1. ## closed curve, trace

Show that if $\gamma$ is a closed curve in the complex plane, with trace $\Gamma$, and if $z_0 \not \in \Gamma$, then $\int_{\gamma} \frac{1}{(z-z_0)^n}dz=0$, $n \geq 2$.

Hint:

For $n \geq 2, (z-z_0)^{-n}$ has primitive $\frac{(z-z_0)^{-n+1}}{1-n}$ on $D$.

Attempt:

So the hint says that the primitive (the antiderivative) is $\frac{(z-z_0)^{-n+1}}{1-n}$. However, I do not see how this will help with showing that $\int_{\gamma} \frac{1}{(z-z_0)^n}dz=0$, $n \geq 2$. Thanks in advance.

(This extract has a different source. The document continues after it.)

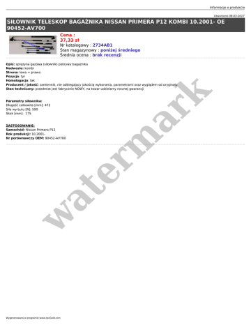 Informacje o produkcie Utworzono 08-03-2017 SIŁOWNIK TELESKOP BAGAŻNIKA NISSAN PRIMERA P12 KOMBI 10.2001- OE 90452-AV700 Cena : 37,33 zł Nr katalogowy : 2734AB1 Stan magazynowy : poniżej średniego Średnia ocena : brak recenzji Parametry siłownika: Długość całkowita [mm]: 472 Siła wyrzutu [N]: 590 Skok [mm]: 175 w at ZASTOSOWANIE: Samochód: Nissan Primera P12 Rok produkcji: 10.2001Nr porównawczy OEM: 90452-AV700 er m ar k Opis: sprężyna gazowa (siłownik) pokrywy bagażnika Nadwozie: kombi Strona: lewa = prawa Pozycja: tył Homologacja: tak Producent / jakość: zamiennik, nie odbiegający jakością wykonania, parametrami oraz wyglądem od oryginału Stan techniczny: przedmiot jest fabrycznie NOWY, na towar udzielamy rocznej gwarancji Wygenerowano w programie www.oscGold.com

2. Originally Posted by Erdos32212
Show that if $\gamma$ is a closed curve in the complex plane, with trace $\Gamma$, and if $z_0 \not \in \Gamma$, then $\int_{\gamma} \frac{1}{(z-z_0)^n}dz=0$, $n \geq 2$.

Hint:

For $n \geq 2, (z-z_0)^{-n}$ has primitive $\frac{(z-z_0)^{-n+1}}{1-n}$ on $D$.

Attempt:

So the hint says that the primitive (the antiderivative) is $\frac{(z-z_0)^{-n+1}}{1-n}$. However, I do not see how this will help with showing that $\int_{\gamma} \frac{1}{(z-z_0)^n}dz=0$, $n \geq 2$. Thanks in advance.
This is a special case of a form of the Fundamental Theorem of Calculus applied to the complex plane:

If $f: D \rightarrow \mathbb{C}$ is continous and such that there exists $g: D \rightarrow \mathbb{C}$ with $g'=f$ on $D$ then for any curve $\gamma: [0,1] \rightarrow D$ we have that $\int_{ \gamma } f= g(\gamma (1))-g(\gamma (0))$. To prove this (assuming $\gamma$ is $C^1$ or piecewise so) we just note that $\int_{ \gamma } f= \int_{0}^{1} f(\gamma (t)) \gamma ' (t) dt = \int_{0}^{1} g'(\gamma (t)) \gamma ' (t)dt$ $= \int_{0}^{1} (g \circ \gamma )' (t)dt = g(\gamma (1))-g(\gamma (0))$

PS. I'm naming $\gamma$ and it's trace $$\Gamma$$ as the same.